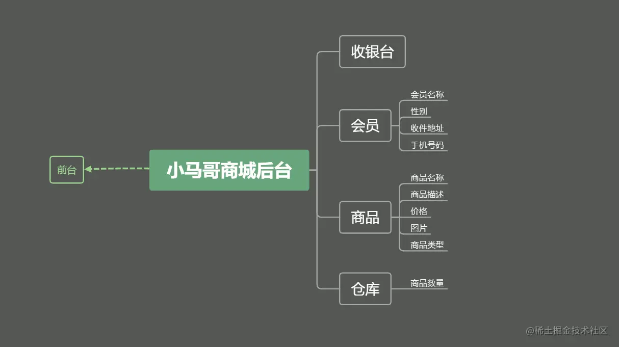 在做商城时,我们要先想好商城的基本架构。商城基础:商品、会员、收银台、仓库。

--

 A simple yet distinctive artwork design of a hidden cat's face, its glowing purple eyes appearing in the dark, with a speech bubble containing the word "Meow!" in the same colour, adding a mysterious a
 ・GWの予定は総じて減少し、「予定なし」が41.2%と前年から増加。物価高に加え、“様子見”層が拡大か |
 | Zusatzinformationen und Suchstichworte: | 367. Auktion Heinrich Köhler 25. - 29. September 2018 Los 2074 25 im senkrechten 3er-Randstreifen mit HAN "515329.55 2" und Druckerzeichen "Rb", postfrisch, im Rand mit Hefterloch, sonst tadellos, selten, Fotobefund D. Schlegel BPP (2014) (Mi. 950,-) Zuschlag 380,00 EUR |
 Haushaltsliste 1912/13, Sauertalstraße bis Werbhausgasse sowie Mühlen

* * *

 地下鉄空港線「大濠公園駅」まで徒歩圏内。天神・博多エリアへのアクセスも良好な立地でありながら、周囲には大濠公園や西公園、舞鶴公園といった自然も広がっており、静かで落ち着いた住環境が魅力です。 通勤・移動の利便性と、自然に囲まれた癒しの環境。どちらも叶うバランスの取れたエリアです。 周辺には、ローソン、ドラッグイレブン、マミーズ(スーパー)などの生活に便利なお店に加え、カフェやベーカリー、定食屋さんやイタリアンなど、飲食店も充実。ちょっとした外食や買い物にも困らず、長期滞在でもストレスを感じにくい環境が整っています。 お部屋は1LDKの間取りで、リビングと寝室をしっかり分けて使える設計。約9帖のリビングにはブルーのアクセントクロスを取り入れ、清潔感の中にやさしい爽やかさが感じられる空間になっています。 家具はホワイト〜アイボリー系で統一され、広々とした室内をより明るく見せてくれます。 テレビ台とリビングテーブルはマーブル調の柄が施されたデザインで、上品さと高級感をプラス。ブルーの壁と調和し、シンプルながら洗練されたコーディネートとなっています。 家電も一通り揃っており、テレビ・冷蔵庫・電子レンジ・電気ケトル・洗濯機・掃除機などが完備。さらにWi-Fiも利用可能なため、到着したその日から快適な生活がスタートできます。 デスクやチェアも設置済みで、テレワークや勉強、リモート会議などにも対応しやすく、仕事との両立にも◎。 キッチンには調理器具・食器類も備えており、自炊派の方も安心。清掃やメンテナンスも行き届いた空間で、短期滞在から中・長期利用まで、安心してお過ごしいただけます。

● **EXERCISE DETAILS**: In the listing above, find the line holding "A simple yet" and the line holding "Haushaltsliste 1912/13, Sauertalstraße", then output those two lines and every line between them exactly.

● **RESPONSE AREA**:
 A simple yet distinctive artwork design of a hidden cat's face, its glowing purple eyes appearing in the dark, with a speech bubble containing the word "Meow!" in the same colour, adding a mysterious a
 ・GWの予定は総じて減少し、「予定なし」が41.2%と前年から増加。物価高に加え、“様子見”層が拡大か |
 | Zusatzinformationen und Suchstichworte: | 367. Auktion Heinrich Köhler 25. - 29. September 2018 Los 2074 25 im senkrechten 3er-Randstreifen mit HAN "515329.55 2" und Druckerzeichen "Rb", postfrisch, im Rand mit Hefterloch, sonst tadellos, selten, Fotobefund D. Schlegel BPP (2014) (Mi. 950,-) Zuschlag 380,00 EUR |
 Haushaltsliste 1912/13, Sauertalstraße bis Werbhausgasse sowie Mühlen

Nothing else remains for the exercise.